Swedish composer Elfrida Andrée was one of the most remarkable female classical composers in history. While the nineteenth century represented an explosion of women composers over previous times, many were ghettoized into the realm of sentimental parlor literature and not considered serious players in the game. Andrée was a notable exception; she was reckoned, in Sweden, on an equal footing with not only her Swedish contemporaries among composers, but with prominent figures from greater Europe such as Johannes Brahms. A vocal proponent of women's causes, Andrée was also a close friend to Nobel Prize-winning novelist Swedish Selma Lagerlöf; the Elfrida Andréegymnasiat in Sweden is named after her. However, despite Andrée's prominence in Sweden and as a pioneering force in women's rights, this has not won her a great many recordings; her music was on its way out of the public consciousness even before she died in 1929. What recordings there have been mainly focus on Andrée's orchestral music, organ symphonies (which remain her most often performed works in Sweden), and sacred vocal music. Andrée's chamber music all comes from fairly early in her career; the Piano Trio in C minor here was written when she was 19, and Andrée was 42 when she put the finishing touches on the A minor Piano Quartet; she would write only one more chamber work, a string quartet, afterward.

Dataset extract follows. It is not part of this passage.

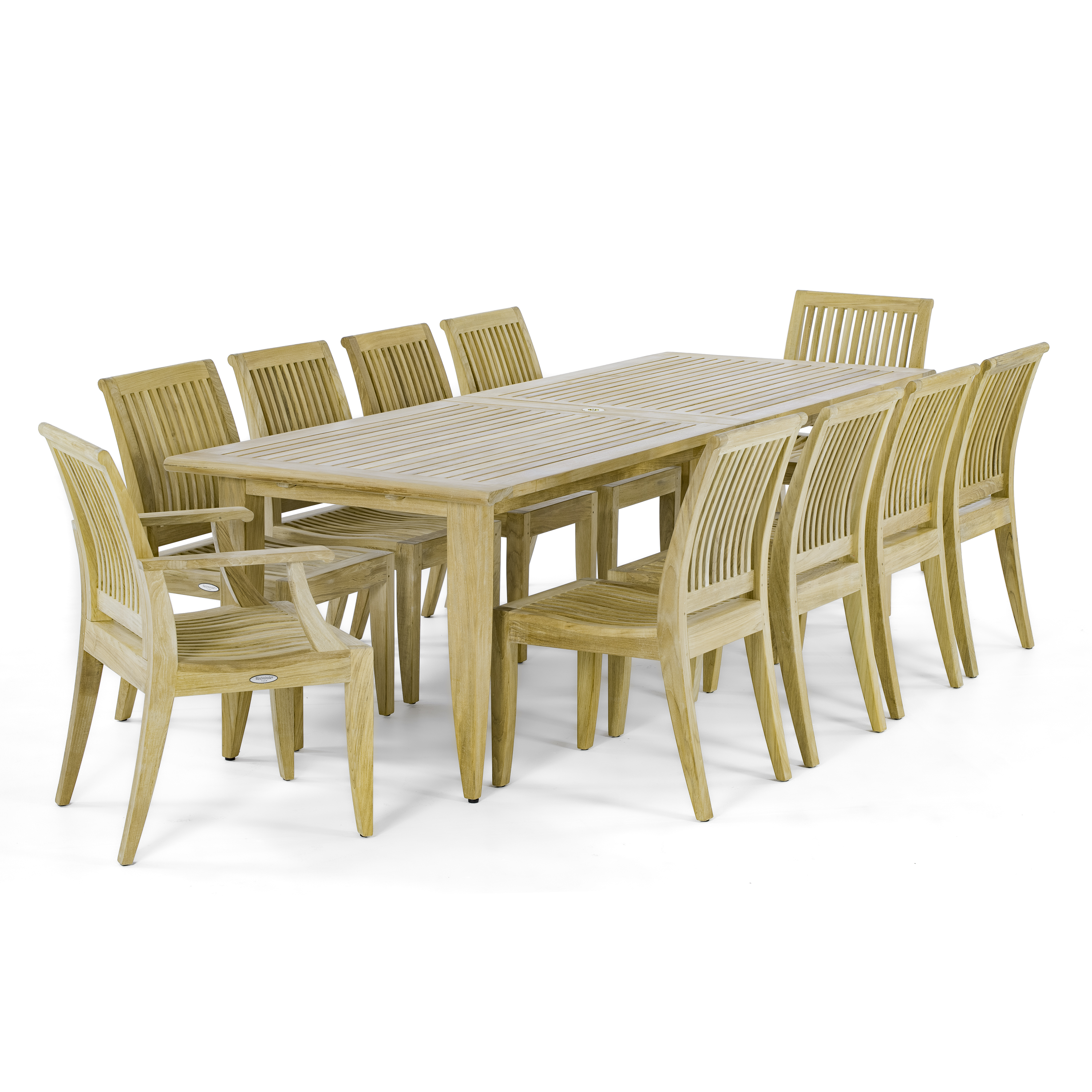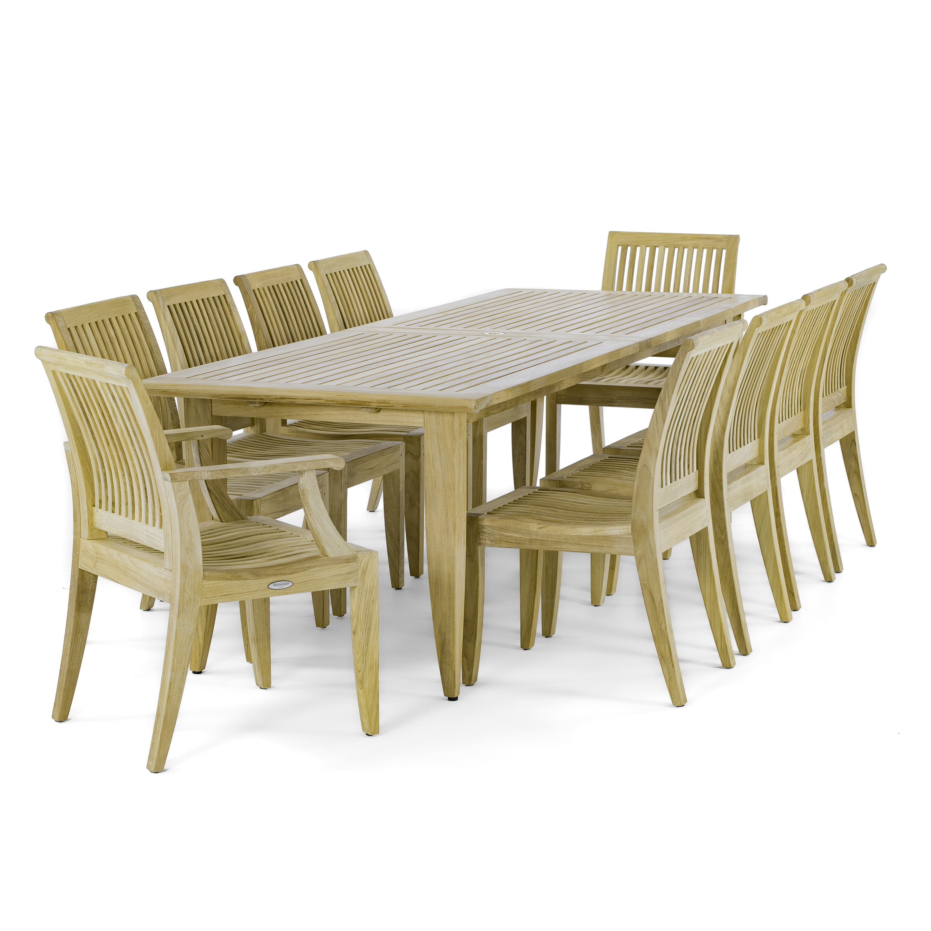 In this Grand Dining Set, the contoured backrests and scooped seating of the Laguna chairs maximize comfort for outdoor dining, while the Laguna 11FT Grand extension table allows you to adjust the set accordingly to the number of guests you are entertaining. The Laguna Collection has been designed with generous proportions and attention to detail, easily allowing it to blend well with both traditional and modern styles. An optional Teak Umbrella, Sunbrella Cushions, Teak Floor Tiles and Teak Lazy Susan are available for this set.

For its debut disc as an ensemble, the Iceland-based
Trio Nordica has done well to pick Andrée as its subject; of these works, only the G minor Trio, dating from 1865, has been recorded before. The playing is respectful, sensitive, and inflamed with the passion that such unrelentingly lyrical music demands; the group never drives the rhythm, keeping it flexible and lightly swinging in faster movements and alert, never dragging, in slow ones while maintaining a lovely sense of ensemble dynamics. Of these works, the A minor Piano Quartet is obviously the most stylistically mature, vaguely reminiscent of Mendelssohn. However, the standout is the earliest piece, the Piano Trio in C minor. It has a special kind of spontaneity and ebullience, particularly in the last movement, its properties of charm especially heightened by this fine performance by the
Trio Nordica. All in all, Intim Musik's Elfrida Andrée: Two Piano Trios & Piano Quartet is both a strong and purposeful debut for this group.